Huwebes, Enero 12, 2012

What Jolito Ortizo Padilla say about Strategic Alliance

A strategic alliance is a relationship between two or more organizations that falls somewhere between the extremes of an arm's length sourcing arrangement on the one hand and a full blown acquisition on the other.

In general there are two types of strategic alliance: a bilateral alliance (between two organizations) and a network alliance between several organizations). They have many advantages:they require little immediate financial commitment, they allow companies to put their toes into new markets before they get soaked and they offer a quiet retreat should a venture not work out as the partners had hoped.
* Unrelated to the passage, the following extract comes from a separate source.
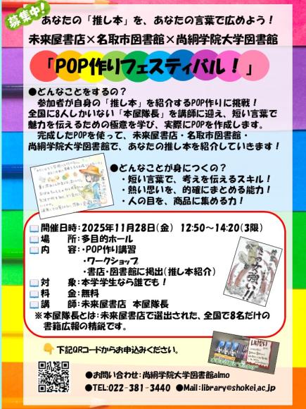 図書館では、このたび、学生・院生を対象した「POP作りフェスティバル! 未来屋書店×名取市図書館×尚絅学院大学図書館」を開催します。
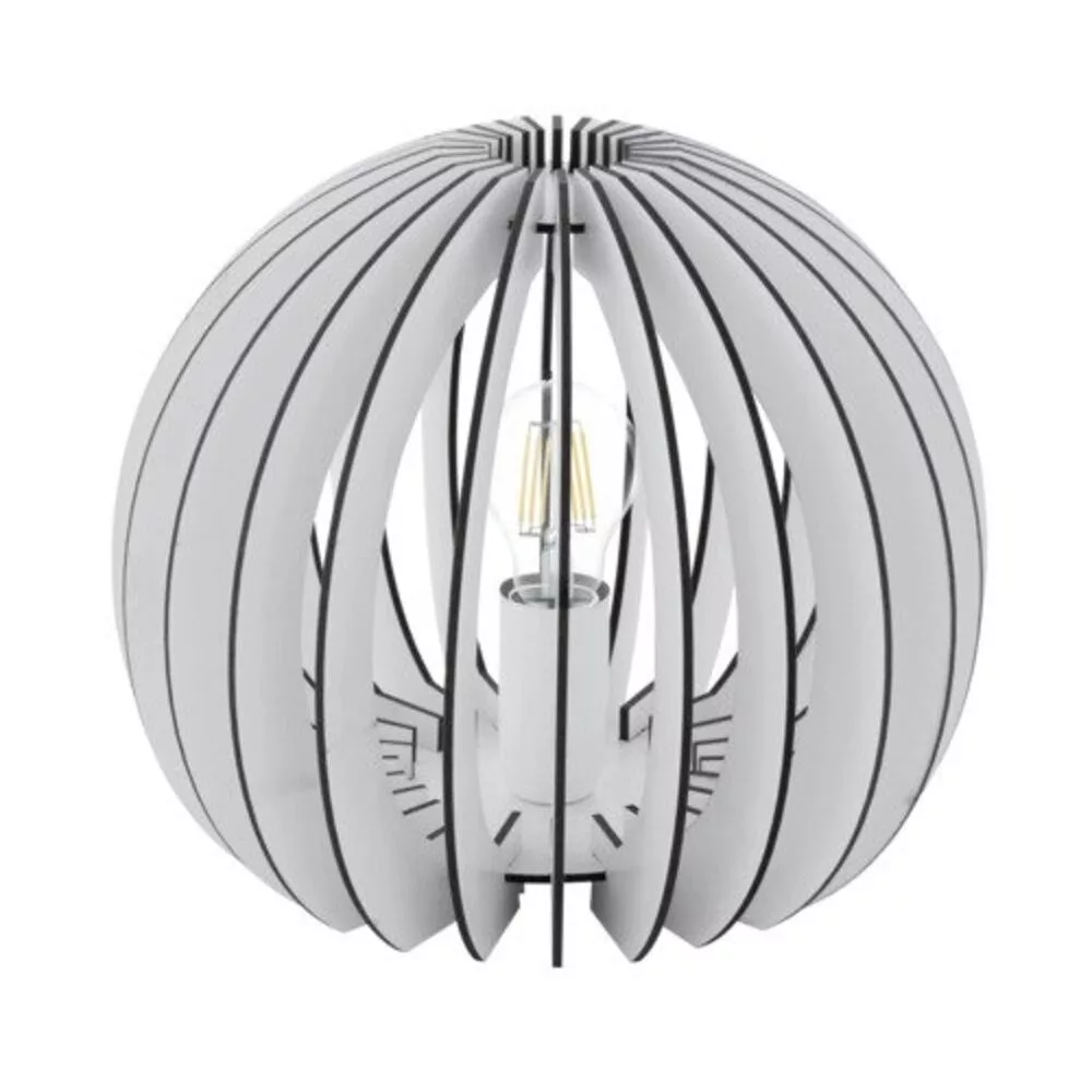 The COSSANO series table lamp is made of white wood and white plastic and is operated with a cord switch. The lamp has protective insulation and requires an E27 socket for lighting. The product does not include a light source. The special wooden slats of the COSSANO series are perfectly trendy, adding energy to your home. The lamps are available in various shapes, sizes, and colors.

However, going into something knowing that it is (literally) not a big deal, and that there is a face saving exit route, may not be the best way to make those charged with running it hungry for success.
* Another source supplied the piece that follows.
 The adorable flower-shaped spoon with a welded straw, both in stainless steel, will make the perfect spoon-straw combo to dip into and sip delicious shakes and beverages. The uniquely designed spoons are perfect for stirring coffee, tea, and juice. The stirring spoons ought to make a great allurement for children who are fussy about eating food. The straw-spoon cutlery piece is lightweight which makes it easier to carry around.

The most popular use for alliances is a means to try out a foreign market. Not surprisingly there are more alliances in Europe and Asia (where there are more foreign markets nearby) than in the US. In some cases, alliances are used by companies because other means are closed to them.
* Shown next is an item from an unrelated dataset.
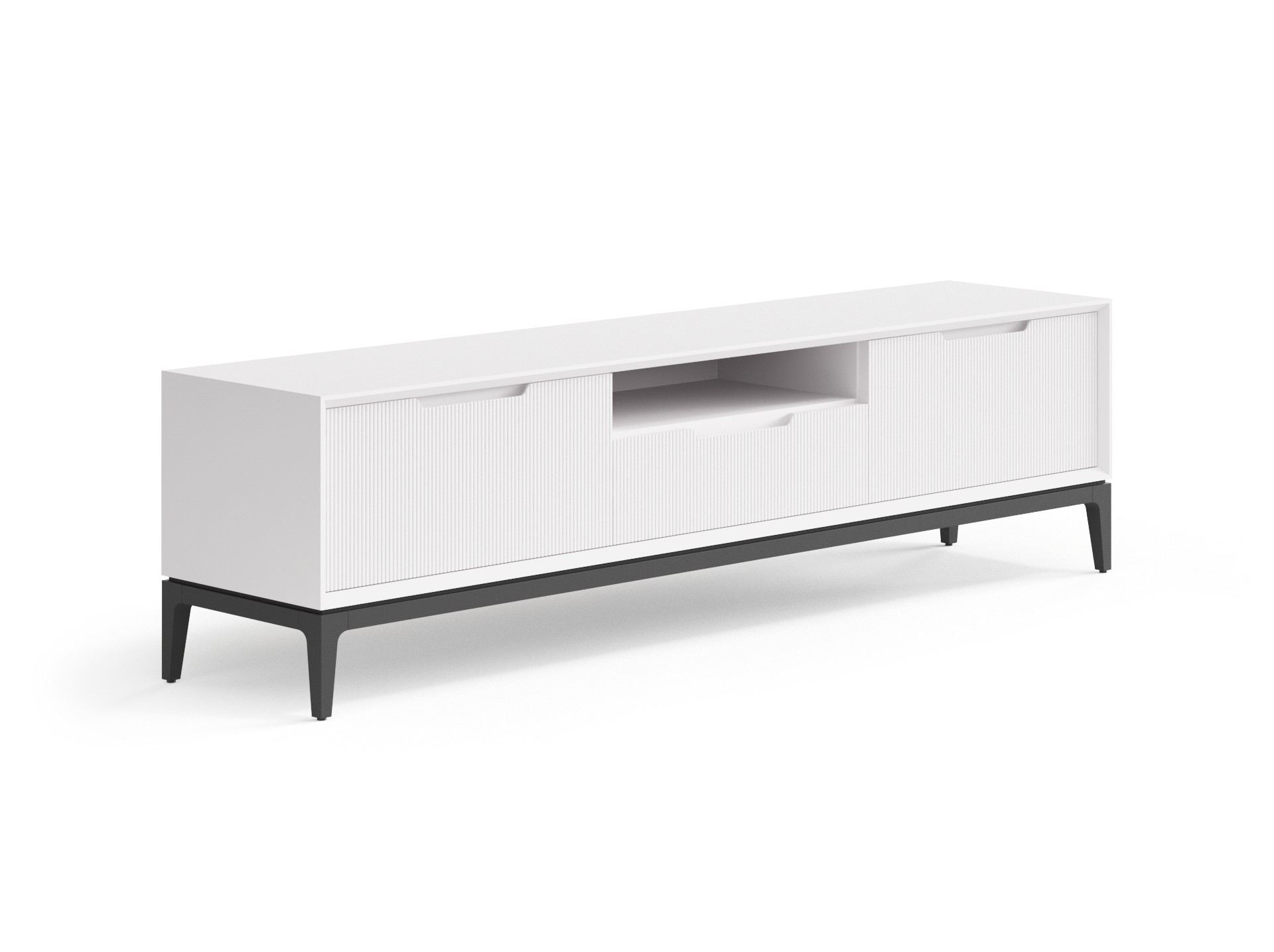 Стильная ТВ тумба гармонично впишется в вашу гостиную и сделает зону отдыха приятной и комфортной. Боковые дверцы и центральный выдвижной ящик позволят разместить все необходимые вещи за фасадами с рельефной фрезеровкой. Ничто не будет отвлекать вас от отдыха и просмотров любимых фильмов.
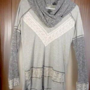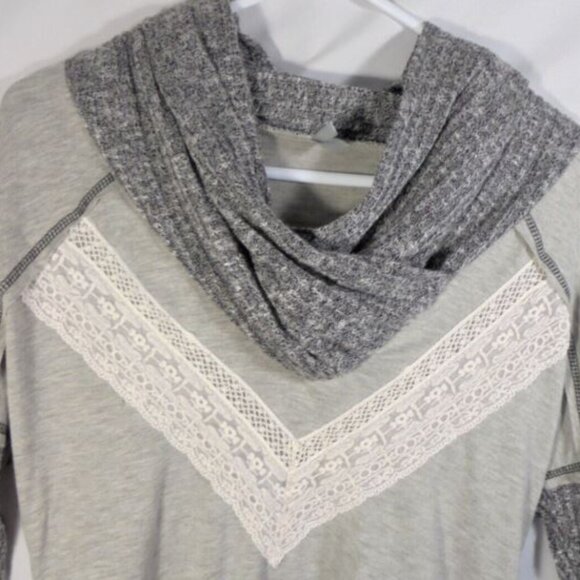 Vanity Womens Small Sweater Sweatshirt Cowl Wrap Neckline Gray White Lace Dressy

One thing crucial to a successful alliance is the degree of cultural compatibility. Companies are advised, for example, to pick on someone their own size. Alliances between very big organizations and very small ones are hard to operate not least because of the different significance that the alliances asumes in each organization's scale of things.

Strategic alliances grew at a phenomenal rate during the 1990s. Some companies, such as General Electric , set up several hundred. But alliances have not always been successful. In 1998 BT and AT&T agreed to bundle their international assets into a single joint venture that started off with annual revenues of $11bn, annual operating profits of $1bn , and some 5,000 employees. In 2001 the two companies agreed to unwind -at considerable cost.